Justin glanced down the table at Franco, his jaw jutting slightly with annoyance. Franco’s mouth pursed, as if to say: Hold your tongue.

“I assume you mean David Webb,” Justin went on.

A clipped reply came from the phone. “Yes.”

“All right. As you know, we recently received a tip that we believed would help us locate the assassin at the mountain chalet. The man we’ve been pursuing for years. The man who murdered four of our recruits.”

“And almost murdered me,” the voice on the phone added acidly.

“Yes, sir. He was trying to penetrate our organization back then, but fortunately, you tagged him as a mole from the beginning. His name is David Webb, but he left that identity behind not long after the incident at the chalet. That’s one of the reasons he’s been so difficult to find. We’ve now confirmed that he’s an American operative known as Cain, also called Jason Bourne. Originally, he was run out of the CIA’s Treadstone unit, but his relationship with them seems to be arm’s length at this point.”

“I’m more interested in why he’s still alive,” the leader snapped over the phone.

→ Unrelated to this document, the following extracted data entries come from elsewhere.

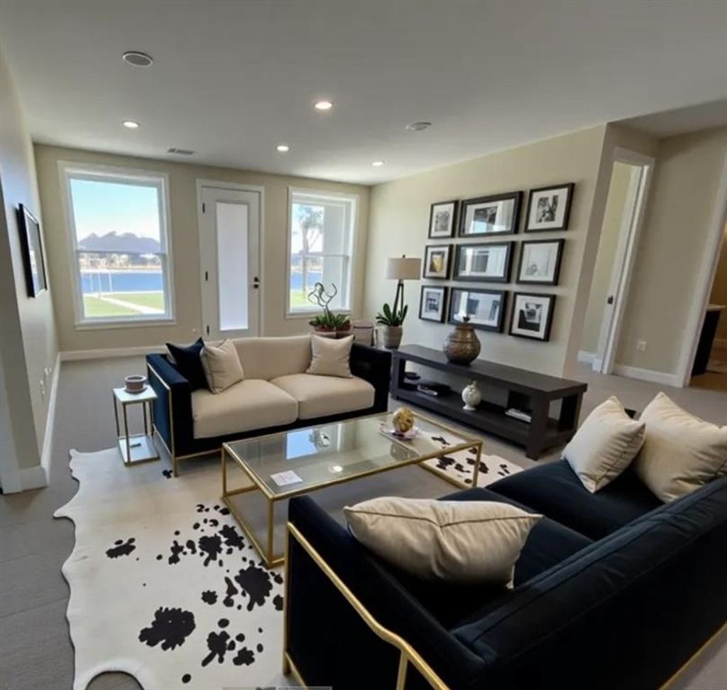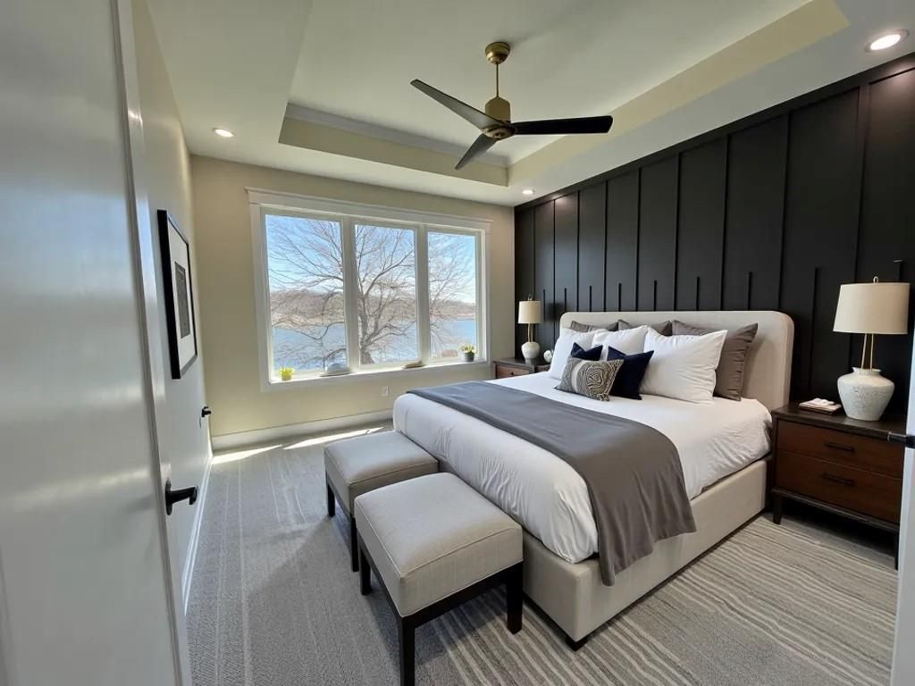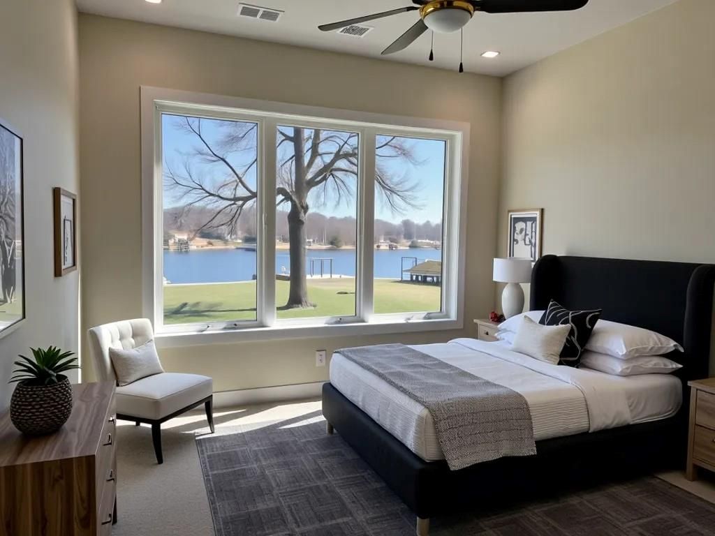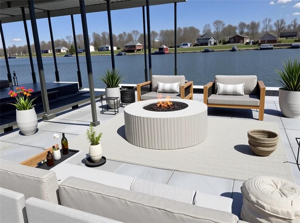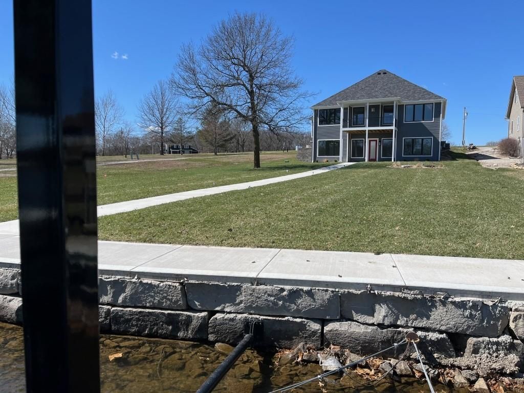 Brand New Lakefront Home on Lake Viking - Just in Time for Lake Season! New construction home is perfectly positioned on Lake Viking, offering lake views from nearly every room. Picture windows in the living room, kitchen, family room, & ALL bedrooms flood the home with natural light & showcase the lake's beauty from every angle. Built with luxury & functionality in mind, the home features quartz countertops throughout, upgraded lighting fixtures, & fully tiled showers in every bathroom. The kitchen is perfectly oriented to capture lake views, featuring a quartz waterfall island & opens onto a covered deck with composite flooring & ceiling - ideal for grilling, relaxing or entertaining. The master suite is serene with more lake views & a spa-like ensuite bath featuring dual vanities, plus a dedicated makeup vanity, soaker tub, separate tiled shower & spacious walk-in closet. A large main-level office with vaulted ceilings, hardwood floors, & designer lighting provides a great work-from-home space or versatile flex room. Custom iron railings & a lit stairway lead to the walkout lower level, featuring 2 generously sized lakeview bedrooms, 2 additional full baths with zero-entry tiled showers, a game room with wet bar & a spacious family room that opens to a lakefront patio. Step outside to the new sidewalk that leads to your private dock, equipped with 2 wave runner lifts & a boat lift.(Two 11x28 slips). A sprinkler system services both the front & back yards, drawing water directly from the lake. A standout feature is the 4th garage, accessible from the back of the home & wrapping around to the front - providing ample storage for lake toys, lawn equipment, or workshop space. The exterior is as thoughtfully designed as the interior, with Hardie board siding, keystone retaining walls perfect for flower beds, & mini can lighting that create striking curb appeal at night. Move-in ready - just bring your boat & start enjoying the Lake Viking lifestyle!
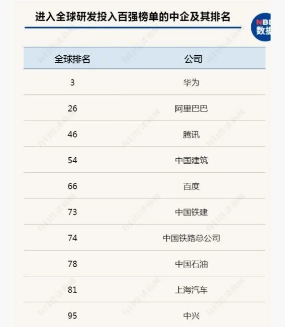 据最新出炉的2020年版榜单,进入全球研发投入前100强的中国企业为:华为(3)、阿里巴巴(26)、腾讯(46)、中国建筑(54)、百度(66)、中国铁建(73)、中国铁路总公司(74)、上海汽车(81)、中兴(95)。
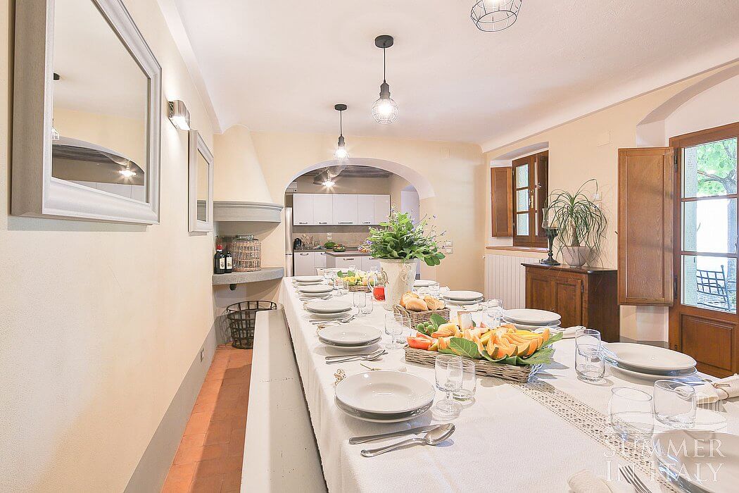 You will be able to enter the dining room from the kitchen through an arched opening. The furnishings are warm and welcoming, and include suspended chandeliers. The dining table can accommodate 14 guests. The furnishings include two wood benches. In this room you will also find a television (local channels). From the dining room you will be able to enter the garden through a French door. The room also has a window, and is equipped with an air conditioning/heating unit.
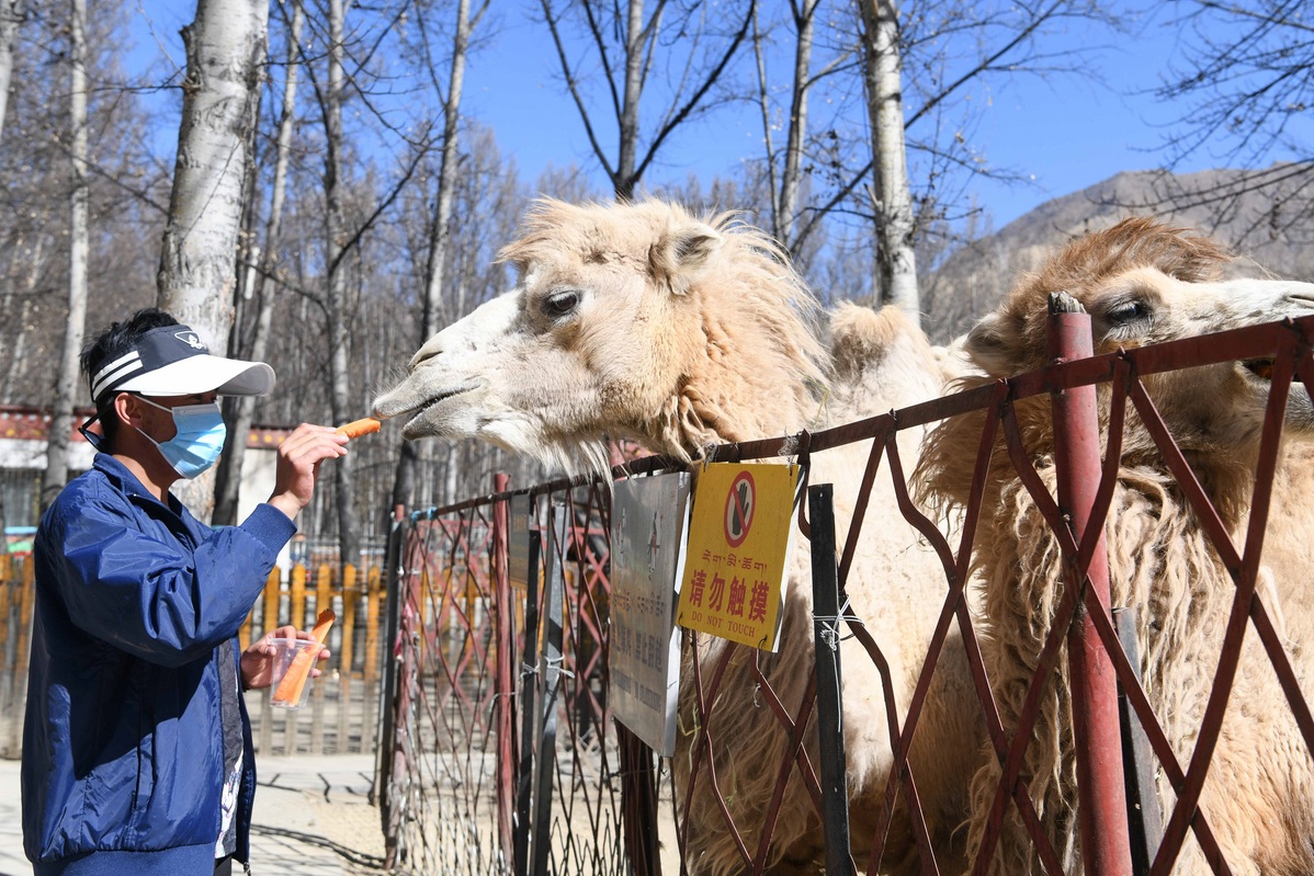 Opiekun karmi wielbłądy w zoo Chushul w Lhasie. [Zdjęcie autorstwa Kunga Lezang/China News Service]

Justin took a deep breath. “He’s alive because I fucked up, sir. This was my mission, my responsibility. If you want to have Franco shoot me for it, go ahead.”

Franco winced. No one else in the room had the balls to talk to le commandant like that, not even Franco himself. But Justin didn’t pull punches, and that was one of the reasons the leader had brought him into the inner circle.

After an uncomfortable silence, the phone speaker came alive again. “Continue.”

“Yes, sir. We maintained surveillance on the café in Zurich, and we sent in two of my best men when we knew he was inside. But Cain spotted our men and took out one. A third party intervened and disabled my other man.”

“And Webb?” the leader asked.

“He’s gone underground again, unfortunately. However, I’ve alerted all of our cells to watch for him. He won’t get far.”

“I trust you’re right. We can’t afford any setbacks at this juncture. The last thing we need is a wild card like Cain getting in our way. We’ve been trying to find him and eliminate him for years, and we need to get the job done. He saw me in that chalet. If he makes the connection and figures out who I am, he could blow up the entire operation.”

“Understood, sir. We’ll find him. Now that I know he’s Treadstone, I know how he thinks. I’ve already activated a team in Engelberg. My expectation is he’ll go there next, and we’ll be waiting for him.”

“Except now he’ll be on guard,” Franco pointed out at the head of the table. “He knows we’re looking for him.”

“Yes, he does,” Justin acknowledged, “but that may turn out to be an advantage. With Bourne on the run, I expect he’ll lead us where we want him to go. To our other target. He’s going to help us find the woman named Monika Roth.”